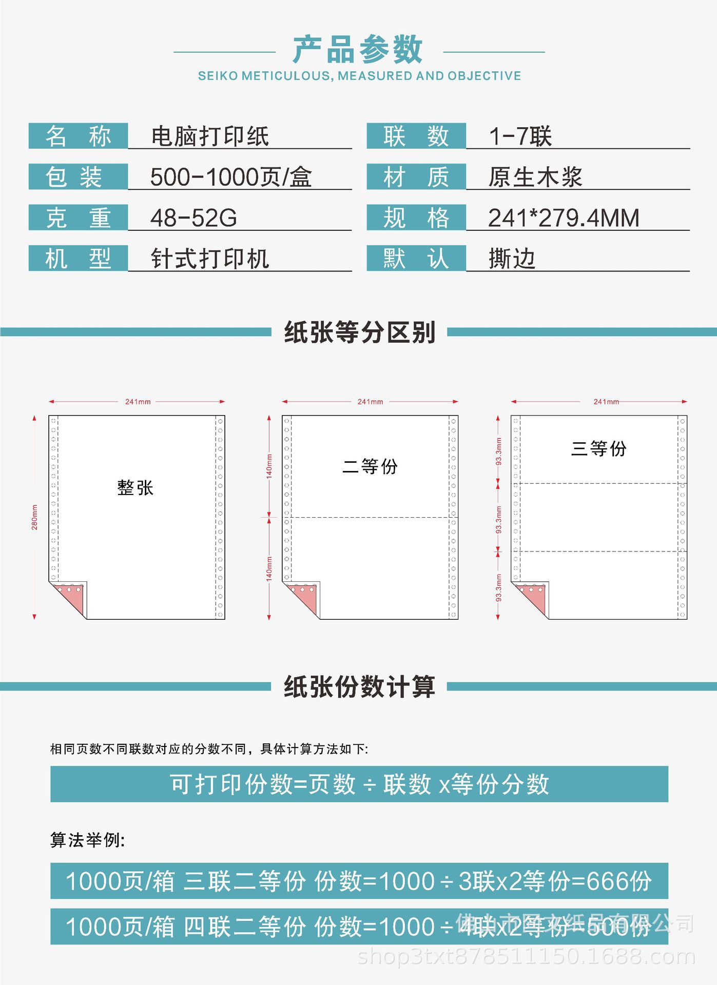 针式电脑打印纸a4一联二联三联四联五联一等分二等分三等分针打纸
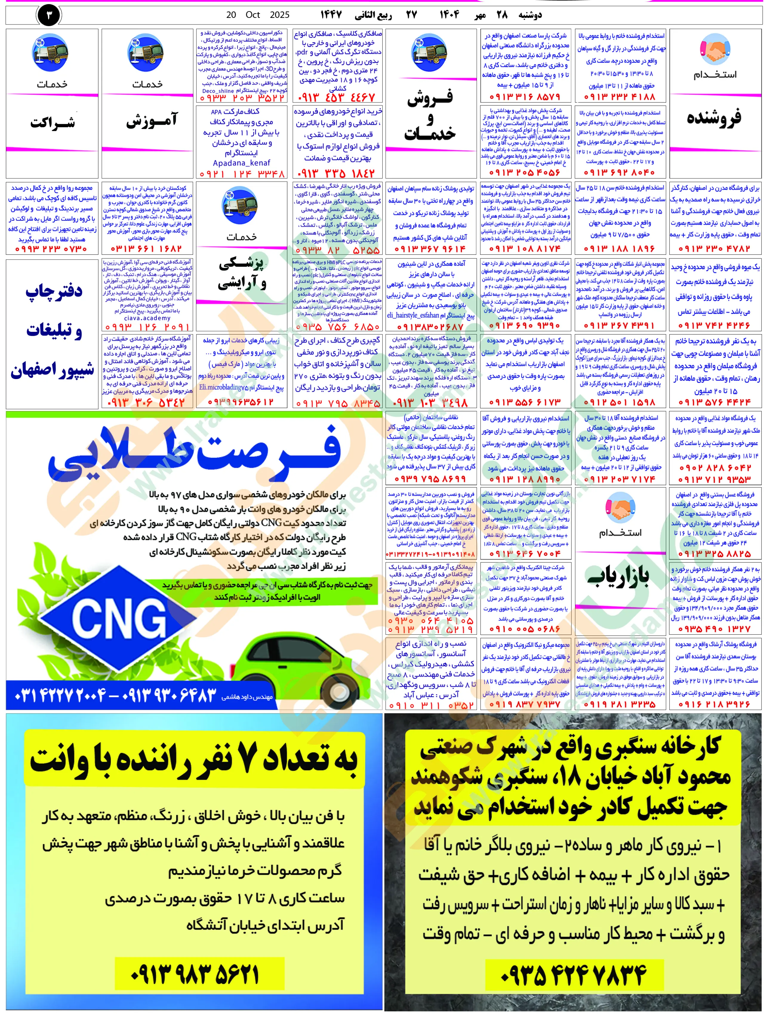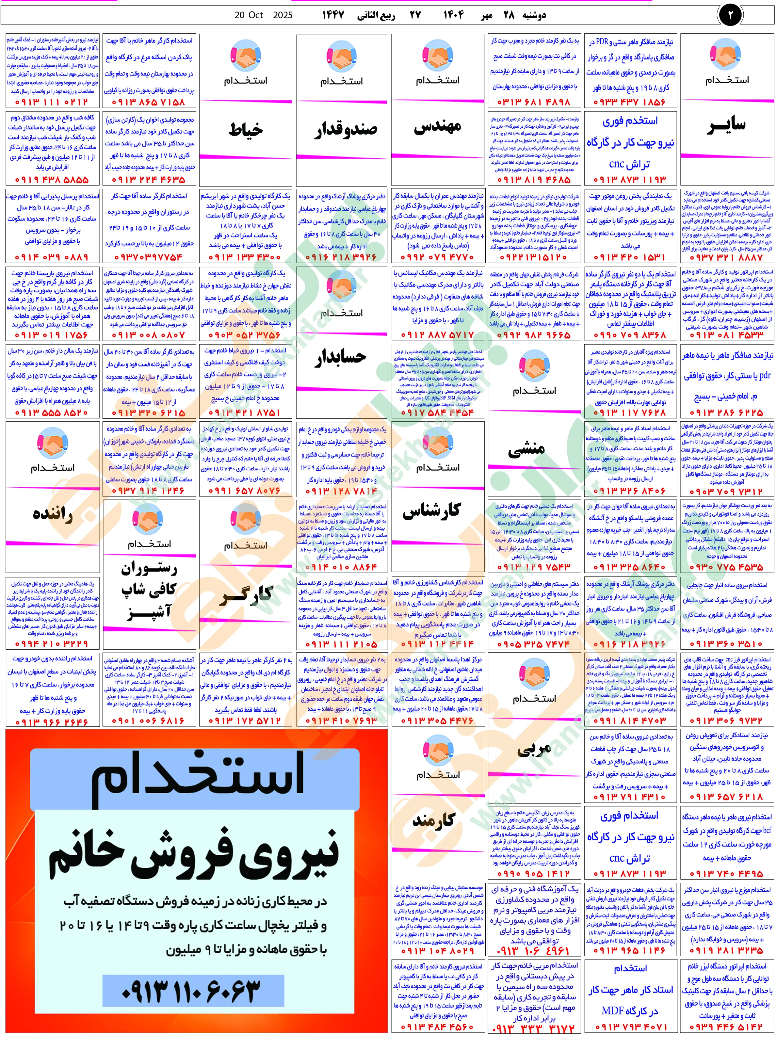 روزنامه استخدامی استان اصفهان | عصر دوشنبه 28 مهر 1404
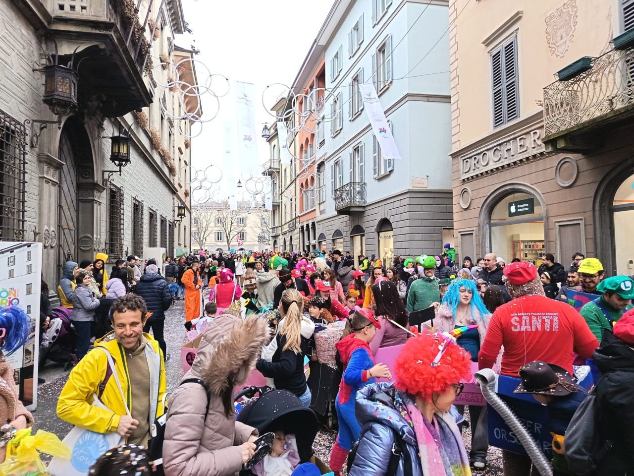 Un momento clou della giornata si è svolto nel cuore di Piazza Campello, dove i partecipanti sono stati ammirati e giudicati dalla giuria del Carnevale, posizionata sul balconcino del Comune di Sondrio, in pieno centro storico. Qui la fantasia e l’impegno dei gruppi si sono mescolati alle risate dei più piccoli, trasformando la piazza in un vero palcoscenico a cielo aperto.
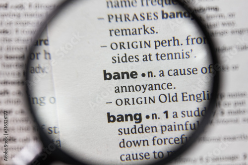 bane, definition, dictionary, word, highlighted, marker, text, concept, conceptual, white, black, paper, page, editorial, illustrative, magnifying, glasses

Exercise -
Excluding the images, copy all of the material above verbatim.

Response -
 针式电脑打印纸a4一联二联三联四联五联一等分二等分三等分针打纸
 روزنامه استخدامی استان اصفهان | عصر دوشنبه 28 مهر 1404
 Un momento clou della giornata si è svolto nel cuore di Piazza Campello, dove i partecipanti sono stati ammirati e giudicati dalla giuria del Carnevale, posizionata sul balconcino del Comune di Sondrio, in pieno centro storico. Qui la fantasia e l’impegno dei gruppi si sono mescolati alle risate dei più piccoli, trasformando la piazza in un vero palcoscenico a cielo aperto.
 bane, definition, dictionary, word, highlighted, marker, text, concept, conceptual, white, black, paper, page, editorial, illustrative, magnifying, glasses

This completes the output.